The Disease Ontology (DO) [11] is a publicly accessible ontological representation of human diseases, designed to establish unambiguous disease definitions based on etiological classifications. Its primary objective is to ensure standardized utilization and incorporation of disease information in biomedical data annotation. The latest version of the Disease Ontology was released in June 2023 and contains 11,349 disease terms 16 . Each disease in the Disease Ontology is assigned a unique identifier called a Disease Ontology ID (DOID). For example, DOID:162 indicates the disease Breast Cancer. The Disease Ontology undergoes biannual updates to its vocabulary mappings by extracting CUIs from the UMLS MRCONSO.RRF file. In the current release 7075 of the DO terms are mapped to corresponding UMLS CUIs.

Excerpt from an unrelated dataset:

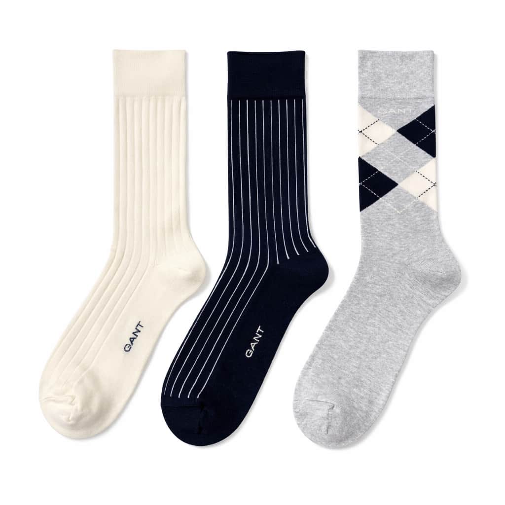 GANT Mens Argyle Stripe And Rib Socks 3 Pack Light Grey Melange

Constructing the WikiMed-DE Dataset

The WikiMed-DE dataset consists of a selection of articles from the German Wikipedia. The core of the construction process is the fact that each Wikipedia article has a unique Wikipedia page ID and that the majority of the Wikipedia page IDs have a corresponding Wikidata ID, the QID. The QID is a unique identifier of a data item in Wikidata, consisting of the letter Q followed by a sequence of digits. The QID connects Wikipedia pages written in various languages to the language-independent Wikidata items and transitively to all the structured knowledge already linked to each Wikidata item.

In the case of WikiMed-DE the QID is used to map each German Wikipedia article to three types of biomedical concept IDs: the Concept Unique Identifier (CUI) from the UMLS, the MeSH ID from the MeSH hierarchy, and the Disease Ontology ID (DOID) from the Disease Ontology.

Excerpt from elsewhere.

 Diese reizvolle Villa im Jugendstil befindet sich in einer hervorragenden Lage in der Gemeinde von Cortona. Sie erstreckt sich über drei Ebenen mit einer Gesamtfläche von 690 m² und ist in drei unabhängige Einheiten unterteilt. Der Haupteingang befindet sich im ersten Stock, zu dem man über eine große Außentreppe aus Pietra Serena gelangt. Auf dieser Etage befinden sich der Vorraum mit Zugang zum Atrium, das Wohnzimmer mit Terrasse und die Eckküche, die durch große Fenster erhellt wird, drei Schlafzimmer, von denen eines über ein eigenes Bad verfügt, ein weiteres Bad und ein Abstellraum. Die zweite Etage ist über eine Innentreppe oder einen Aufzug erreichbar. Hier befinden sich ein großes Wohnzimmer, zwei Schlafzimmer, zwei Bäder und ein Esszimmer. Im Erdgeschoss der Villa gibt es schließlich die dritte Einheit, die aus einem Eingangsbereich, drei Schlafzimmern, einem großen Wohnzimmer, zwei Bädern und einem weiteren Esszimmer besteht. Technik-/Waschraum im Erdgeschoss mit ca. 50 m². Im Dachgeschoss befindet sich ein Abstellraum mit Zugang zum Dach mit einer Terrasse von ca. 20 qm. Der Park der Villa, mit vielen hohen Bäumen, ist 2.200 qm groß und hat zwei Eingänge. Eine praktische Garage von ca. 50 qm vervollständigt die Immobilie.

The UMLS provides extensive coverage for biomedical concepts and encompasses several medical terminologies from different biomedical vocabularies. Annotating mentions with UMLS CUIs ensures that WikiMed-DE covers a diverse range of medical concepts. The MeSH hierarchy is used for the semantic indexing of PubMed. Because the MeSH hierarchy is integrated into the UMLS, each MeSH ID can be mapped to UMLS CUIs, thereby increasing the number of mentions in WikiMed-DE. The DOID is widely employed in biomedical research to annotate and analyze disease-related data. Similar to the MeSH ID, DOIDs can also be mapped to UMLS CUIs, thus enabling the integration of more disease-specific information into WikiMed-DE. By incorporating mentions linked to the UMLS, MeSH, and Disease Ontology WikiMed-DE gains access to an extensive array of interconnected biomedical concepts, resulting in a rich and diverse collection of biomedical-specific information.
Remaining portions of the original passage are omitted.